#### EXERCISE GOAL
All of the data, except its images, should be set down exactly as it appears.

#### COLLECTED DATA
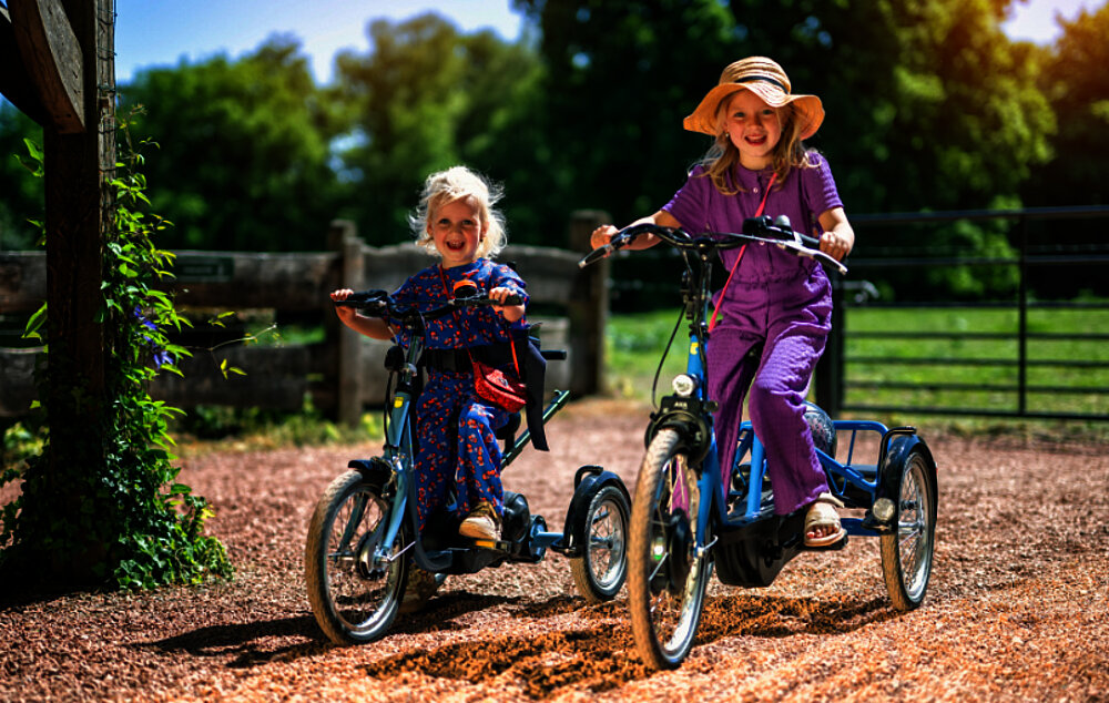 Das speziell angepasstes Kinderfahrrad AT-B bietet Kindern ab etwa 5 Jahren die Stabilität, die sie brauchen. Mit seiner dreirädrigen Konstruktion und einer breiten Trittstufe ermöglicht es sicheres und müheloses Radfahren sowie bequemes Auf- und Absteigen. Das Fahrrad ist an die Bedürfnisse Ihres Kindes anpassbar und in einer Vielzahl von trendigen RAL-Farben erhältlich. Darüber hinaus gibt es diverse Zubehörteile , um das Rad individuell zu gestalten.
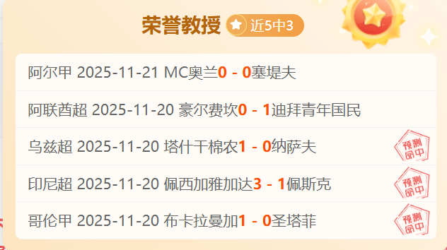 昨天5失2!最高打下14连胜的表现已见证实力。今天继续奉上强项赛事系列,各线赛事都能保证清晰的解读思路与靠谱的选择方向!截至昨天荣誉教授已经有4260场解读经验,今天继续精选5场,多元化的赛事系列,以更高连胜胜利率绩迎接5000场记录来临,关注荣誉教授,成为荣誉教授的好伙伴!
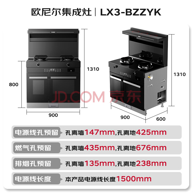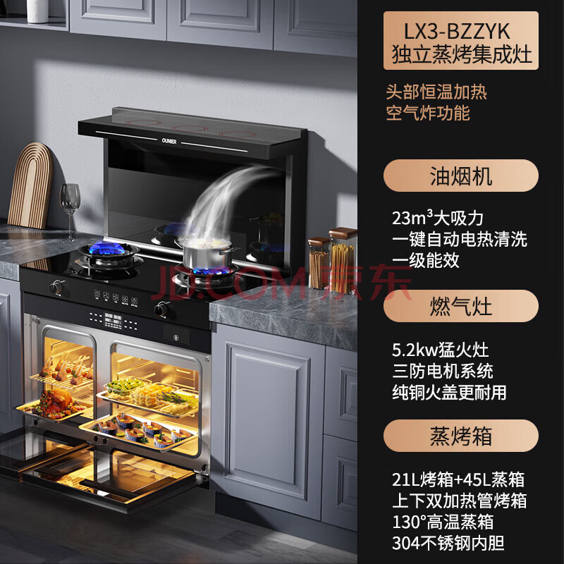 商品相册:欧尼尔厨房家用变频集成灶 蒸烤炸炖消一体式 蒸箱烤箱独立 抽油烟机 燃气灶具 LX3-BZZYK-12T第
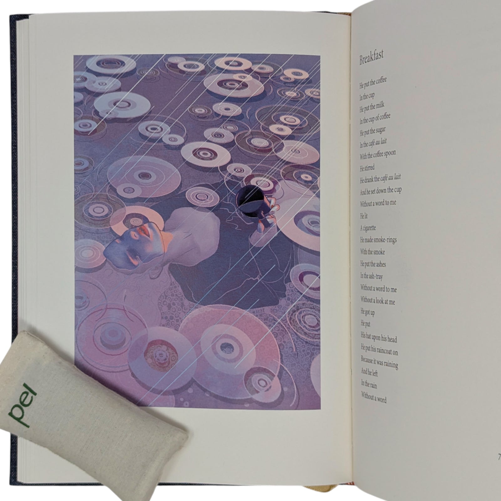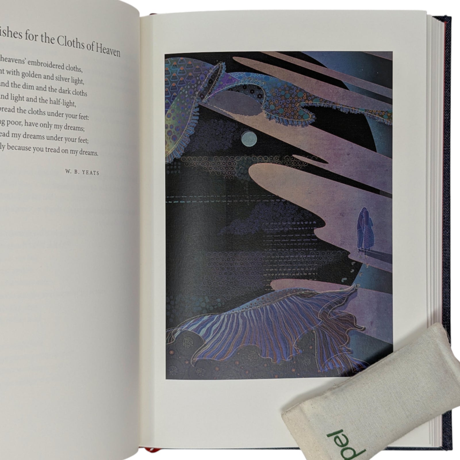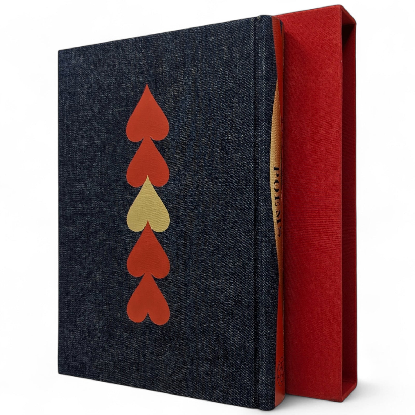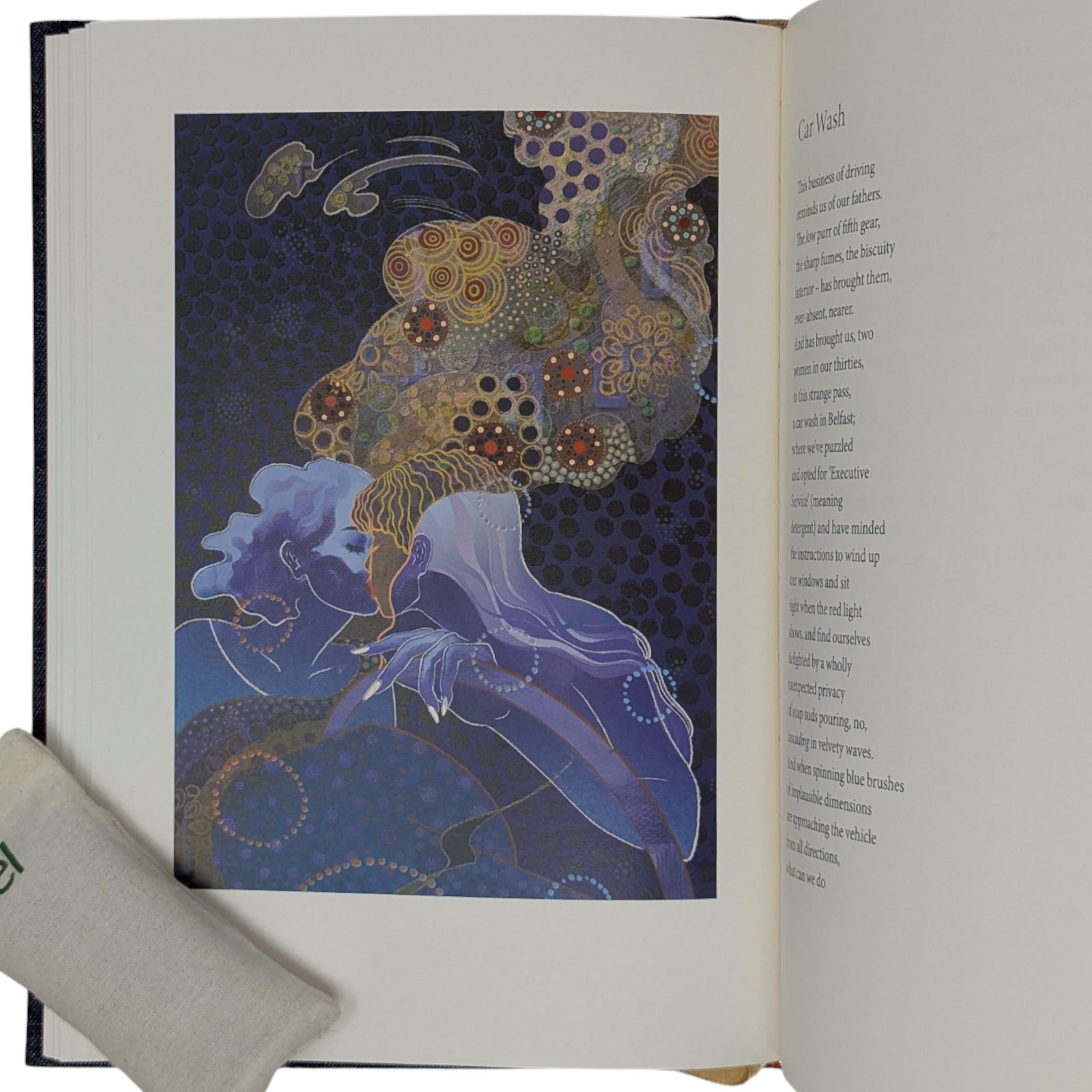 Love Poems. London: The Folio Society, 2022. First printing thus. Selected and introduced by Imtiaz Dharker, illustrated by Mikki Lee. 253 × 178 × 33 mm. Pp. [i–iv] v–xv [xvi], [1–2] 3–230 [231–234]: [7] leaves of colour plates (facing pp. 57, 75, 91, 110, 136, 181 and 199). Type: Minion. Printed and bound by C & C Offset in dark blue cloth blocked in gold and red; textured Cloud Dragon paper endpapers, twin ribbon markers. Red slip case blocked with a single heart in gold. Lee has also provided a coloured frontispiece.

#### SOLUTION
 Das speziell angepasstes Kinderfahrrad AT-B bietet Kindern ab etwa 5 Jahren die Stabilität, die sie brauchen. Mit seiner dreirädrigen Konstruktion und einer breiten Trittstufe ermöglicht es sicheres und müheloses Radfahren sowie bequemes Auf- und Absteigen. Das Fahrrad ist an die Bedürfnisse Ihres Kindes anpassbar und in einer Vielzahl von trendigen RAL-Farben erhältlich. Darüber hinaus gibt es diverse Zubehörteile , um das Rad individuell zu gestalten.
 昨天5失2!最高打下14连胜的表现已见证实力。今天继续奉上强项赛事系列,各线赛事都能保证清晰的解读思路与靠谱的选择方向!截至昨天荣誉教授已经有4260场解读经验,今天继续精选5场,多元化的赛事系列,以更高连胜胜利率绩迎接5000场记录来临,关注荣誉教授,成为荣誉教授的好伙伴!
 商品相册:欧尼尔厨房家用变频集成灶 蒸烤炸炖消一体式 蒸箱烤箱独立 抽油烟机 燃气灶具 LX3-BZZYK-12T第
 Love Poems. London: The Folio Society, 2022. First printing thus. Selected and introduced by Imtiaz Dharker, illustrated by Mikki Lee. 253 × 178 × 33 mm. Pp. [i–iv] v–xv [xvi], [1–2] 3–230 [231–234]: [7] leaves of colour plates (facing pp. 57, 75, 91, 110, 136, 181 and 199). Type: Minion. Printed and bound by C & C Offset in dark blue cloth blocked in gold and red; textured Cloud Dragon paper endpapers, twin ribbon markers. Red slip case blocked with a single heart in gold. Lee has also provided a coloured frontispiece.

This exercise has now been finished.